Amazing advice for addictive behavior January 18, 2006 42 out of 43 found this review helpful
I found this to be one of the most helpful and profound series of talks I have ever heard. Pema Chodron teaches a whole new (at least to me) approach to dealing with addictive behavior in ourselves and provides really useful and worthwhile ways of overcoming addictions. I kept going "wow" throughout the talks, and have gone back and listened to them again and again, and still find it helpful. Amazing teacher. Amazing teachings.

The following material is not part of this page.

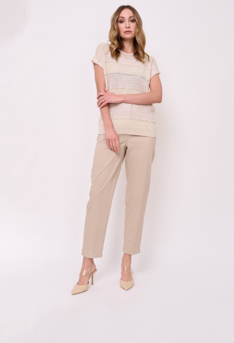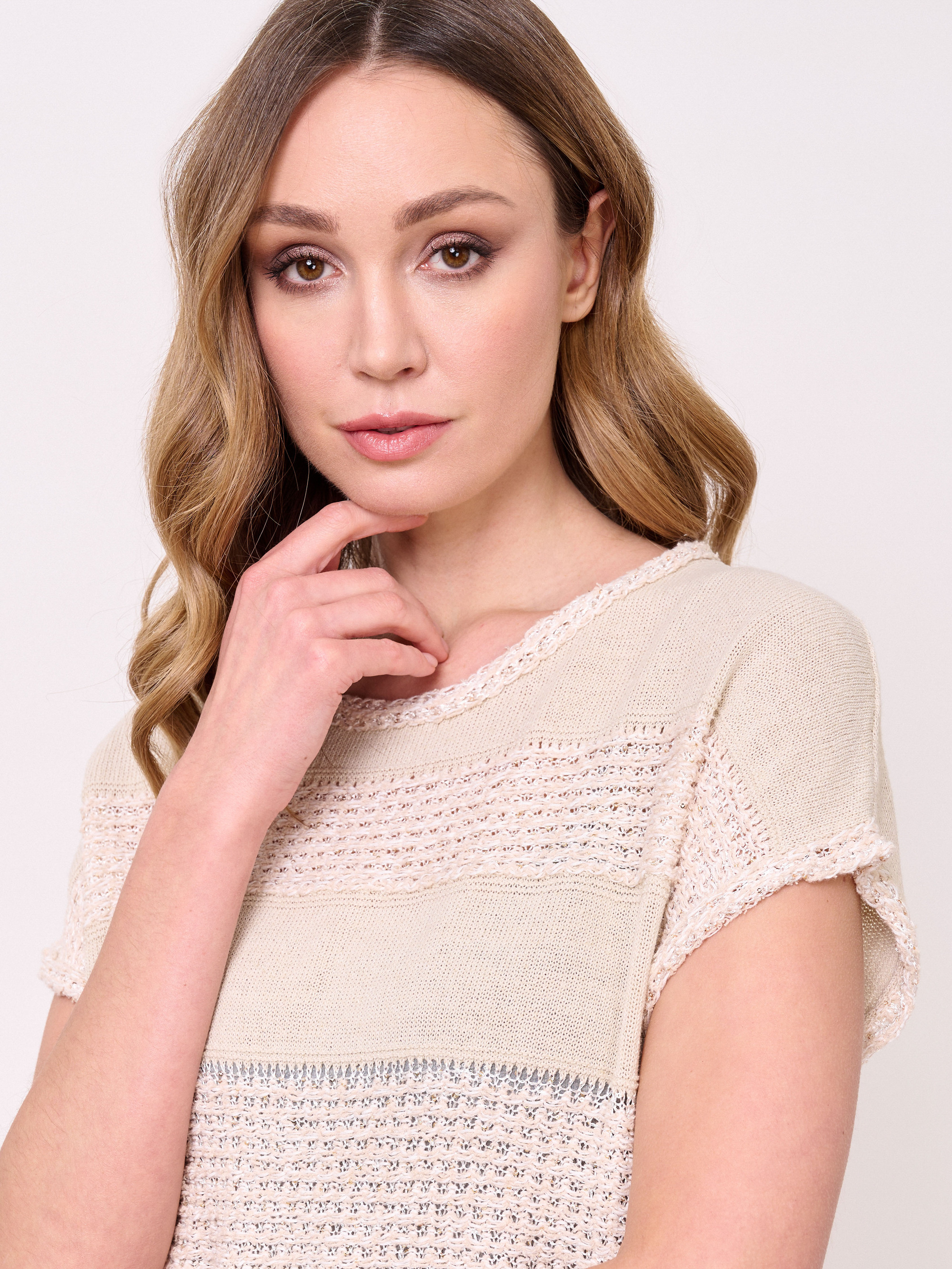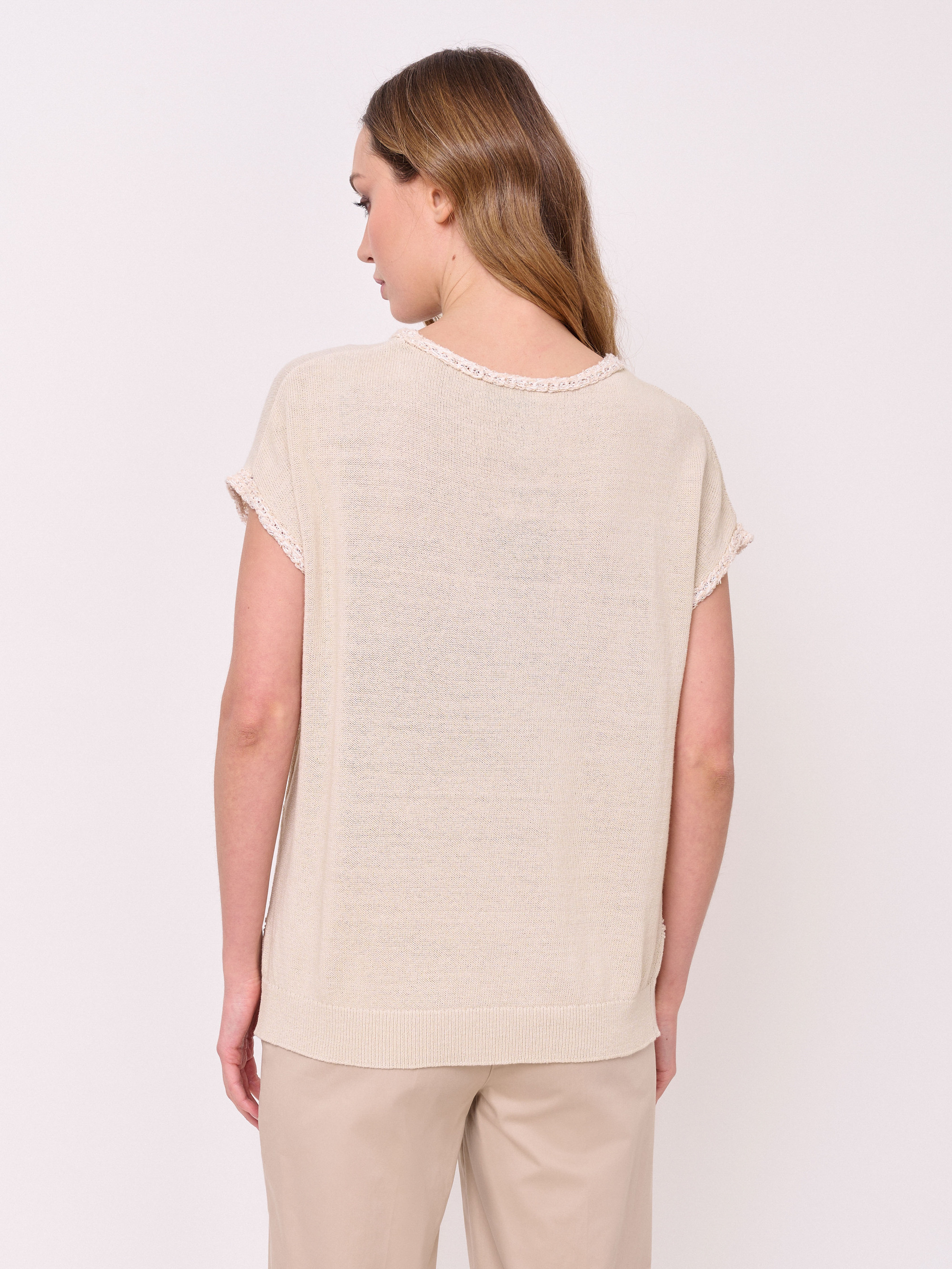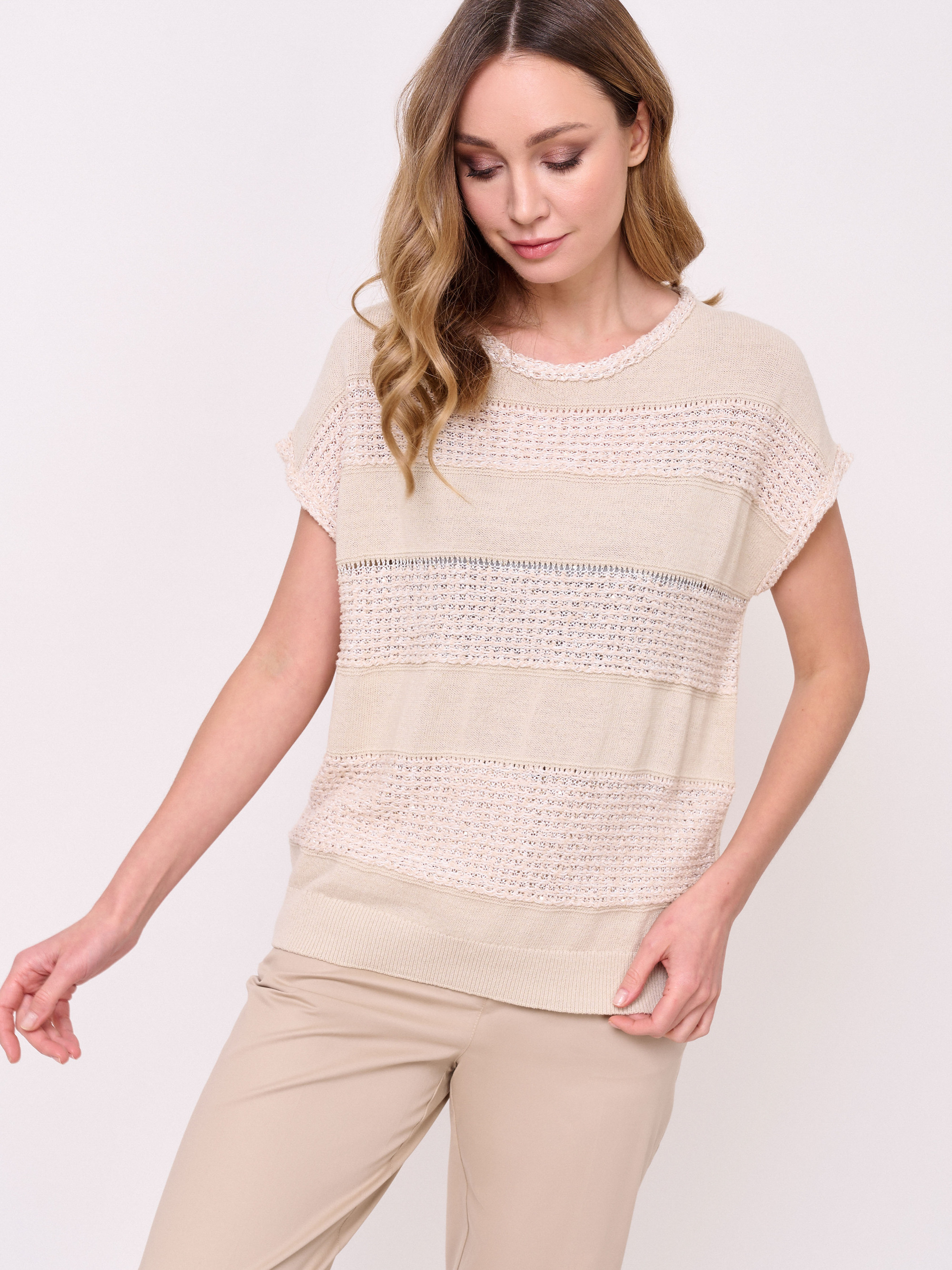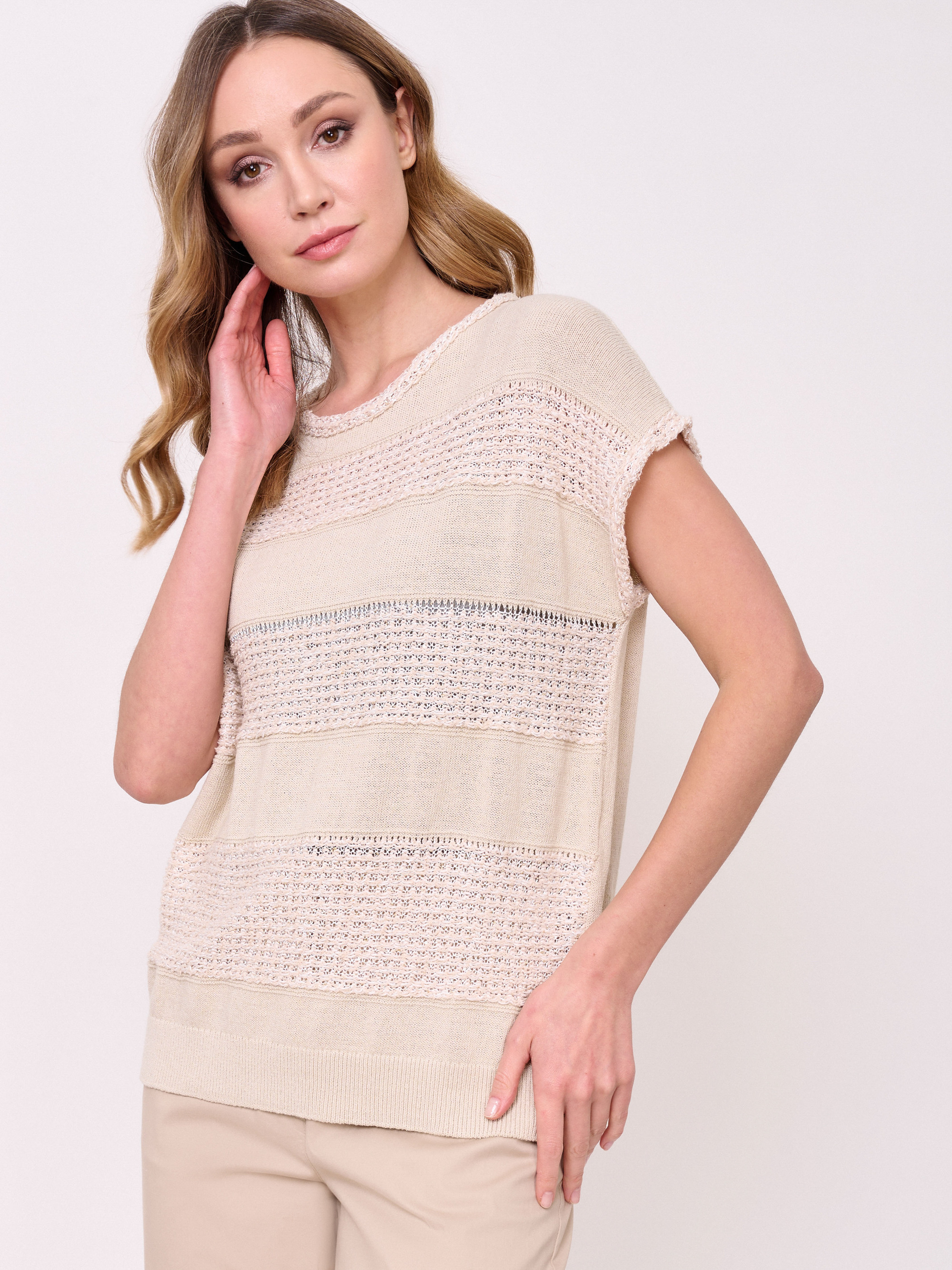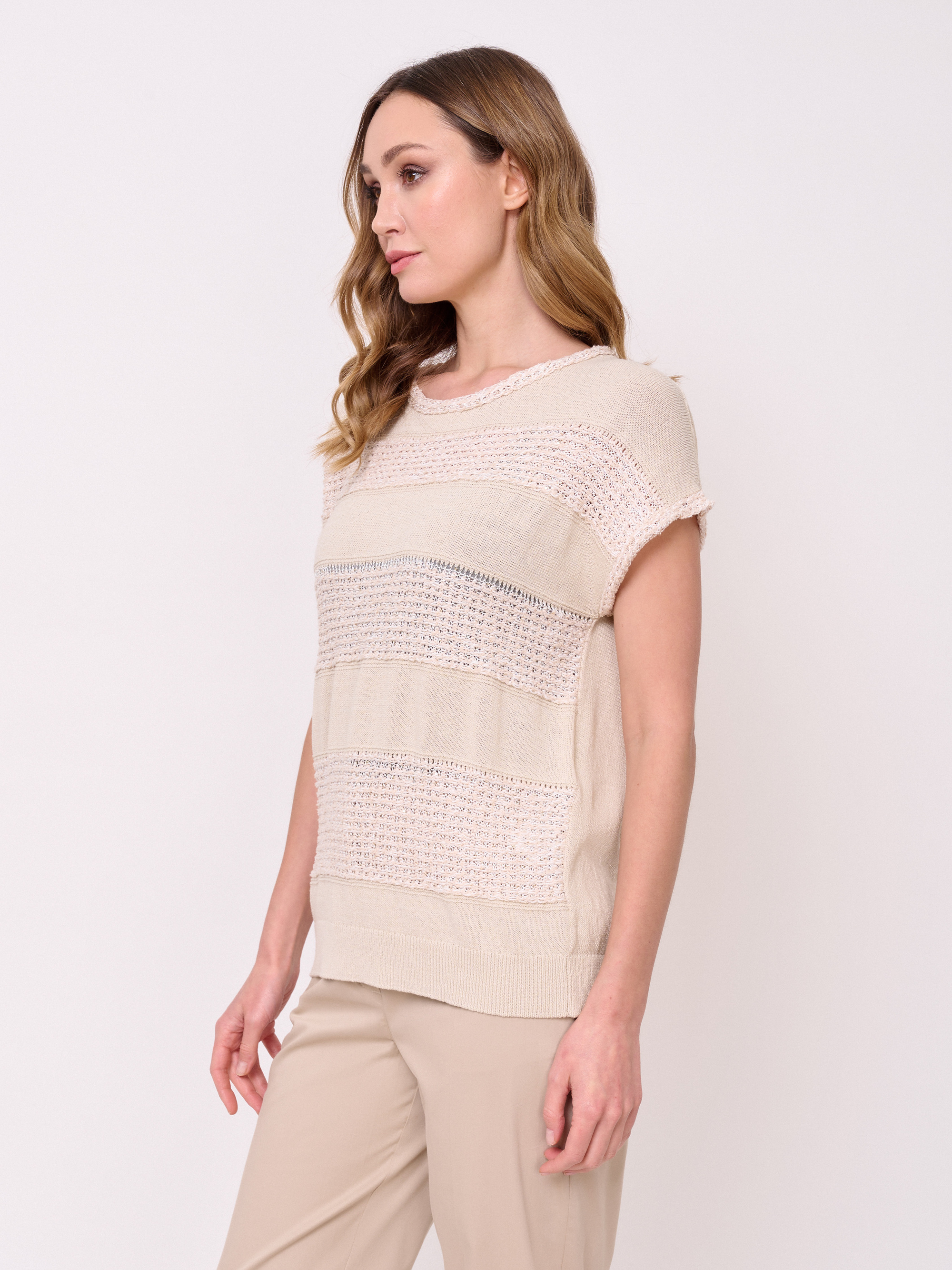 Хлопок и лен, вырез горловины округлый, рукава короткие спущенные, покрой прямой, рисунок фактурный, с добавлением люрекса. Длина по спинке: 58 см.

Breaking the cycle August 18, 2006 35 out of 35 found this review helpful
Pema Chodron begins by presenting the concept of 'staying', being present, in situiations both mundane and difficult. She points out, with insight and humor the reality that only for a small percentage of our lives are we actually 'present' rather than being preoccupied by- or purposely escaping in- thought. From there she introdueces 'shenpa' the Tibetian term for the quality or pre-cognative engery that is the genisis of the 'hook' that grabs you in the form of both negative and positive emotions. By discecting the events that lead to one's reaction to a given situation, i.e. anger, she shows us how to drive a wedge between the event and our response so we have a choice. We are no longer doomed to react, and repeat the same stimulus and response over and over and over. What makes these concepts so practical is her willingness to discuss them in terms of her own life and how memories of past traumatic events were eventually divested of the their destructive energy; then disucsses how we can use these tools in our own lives.